When it comes to marketing your skilled nursing facility, quality rating is key. So how can you make sure its quality rating is the best it can be? How can you make your stars shine?
First, it’s important to understand the different components of the Centers for Medicare & Medicaid Services’ (CMS) Five-Star Quality Rating System, which was first introduced in 2008.
The rating system—which is ultimately a tool designed to help consumers compare and choose a skilled nursing facility—assigns each facility a rating between one and five stars. Facilities with five stars are considered to have higher-than-average quality, whereas facilities with one star are deemed to have much lower-than-average quality. There is one overall five-star rating for every nursing home, as well as a separate rating for each of the following metrics:
The health inspection rating contains data from the past three years of onsite inspections, including both standard surveys and complaint surveys. This metric makes up 60% of a skilled nursing facility’s overall star rating.
The staffing rating contains data on the average number of hours that care is provided to every resident, every day, by staff. This rating considers differences in the levels of residents’ care needs in each skilled nursing facility.
The quality measure rating contains information on different clinical and physical measures for skilled nursing residents. This measurement is intended to indicate how well skilled nursing facilities are caring for their residents’ clinical and physical needs. The number of quality measures included in this metric is ever-changing; CMS added six new quality measures in April 2016.
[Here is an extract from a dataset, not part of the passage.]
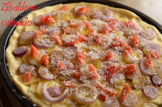 Aggiungere uno o due strati di fette di patate, poi tanta cipolla strizzata bene per evitare di bagnare la pasta, il pomodoro pelato , una spolverata di pecorino e origano, condire con un filo di olio.

“To master the ratings process and join the approximately 3,700 skilled nursing facilities that currently have a five-star overall rating, use the following three tips,” says Jayne Warwick, Director, Industry Insight at PointClickCare:
Tip #1: Stay on top of things.
“People tend to think of star ratings only at health inspection time, but really, they should be thinking about them all the time,” Jayne says.
She recommends skilled nursing facilities everywhere begin taking cues from organizations that are doing everything right. The highest-rated skilled nursing facilities are doing audits and inspections regularly, she says, so their staff is used to them.
“This makes audits and inspections routine—not just something to worry about when the state comes to visit,” Jayne says.
She also notes that skilled nursing facilities should be paying attention to their staffing levels and communicating well with the families of their residents to avoid complaints.
At the same time, community leadership should make sure they have minimum data set (MDS) coordinators that are always on top of their quality measures, Jayne explains. Although almost all skilled nursing facilities have MDS coordinators, the best ones always guarantee that all MDS assessments are started on the right date, contain the correct information, are completed by the right people, and are submitted on time, she says.
“Their job is to get you back the money from the state,” she explains. “The more accurate you are, the better you are financially.”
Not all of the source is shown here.